The same substance that was killing wildlife at Farwell Ponds.
Could enough selenium be sprayed from a crop duster to kill wildlife?
But why would anyone want to kill wildlife?
Money. It had to be money.
It couldn’t be Hank by himself. He must work for someone who would stand to gain a lot of money by…by what? Killing wildlife? How would that produce money?
By ruining farmland. Buy it cheap, stop the selenium dusting, and in a year or so, with new soil analyses to prove the problem was gone, sell the land at an enormous profit.
Exactly as Hank had led her to suspect Bruno of doing.

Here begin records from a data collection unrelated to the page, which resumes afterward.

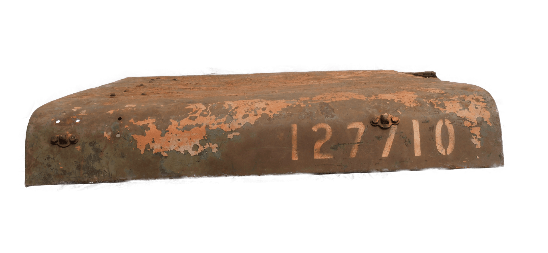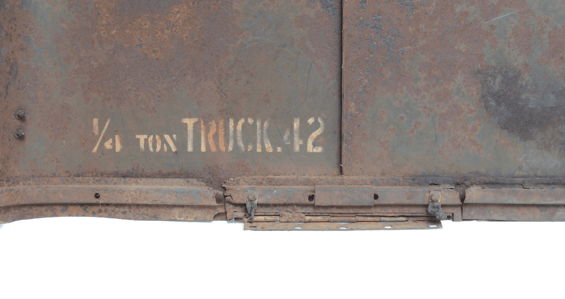 Numéros d’origines peints en blanc « 127710 » et identification dy type de d’automobile militaire et contrat « 1/4 ton truck – 1942 ».
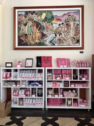 またお土産に喜ばれそうなホテルロゴ入りのピンクのボックスやパッケージに入ったチョコレートやクッキー、「サーフラナイ 」で大人気のピンク色のパンケーキがお家で作れるパンケーキミックスがありました。
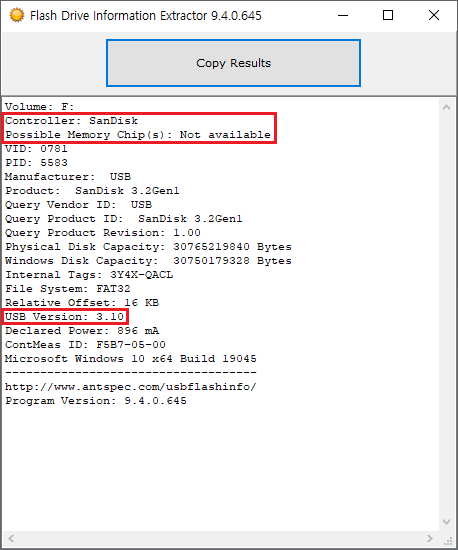 Flash Drive Information Extractor로 확인한 USB 메모리 정보입니다.

Mind in a sickish spin, Rachel lost sight of the vehicle ahead.
The road ended abruptly in a small, level parking area, but no splotchy-white panel truck was in sight. Had she missed a turn-off somewhere? She parked the Toyota in a cluster of cars.
Through the open gate of a chain-link fence a wind sock was writhing, trying to escape its pole. Half a dozen small planes sat like dogs at a pet show, eagerly awaiting their owners’ command to fetch.
Was the guy in the black jacket involved, or was his appearance in her parking garage that day just a coincidence?
Was he one of El Jefe’s men?
Whoever Black Jacket was, he seemed to have disappeared.
Her racing thoughts slammed into something else: Goldie. I have to warn her about Hank.
Chapter Fifty-four
Rachel was exhausted, as if she had reached another planet where gravity was greater. With cold, jittery fingers, she opened the car door, got out, and headed for the cinder-block building that seemed to be both waiting room and office.
The pay phone was just outside the glass door. Clumsy with haste, she extracted a phone card from her wallet and began dialing the endless numbers needed to make a call. She miscalled and had to start over. When the ring on the other end finally came, Goldie didn’t answer. And there was no answering machine.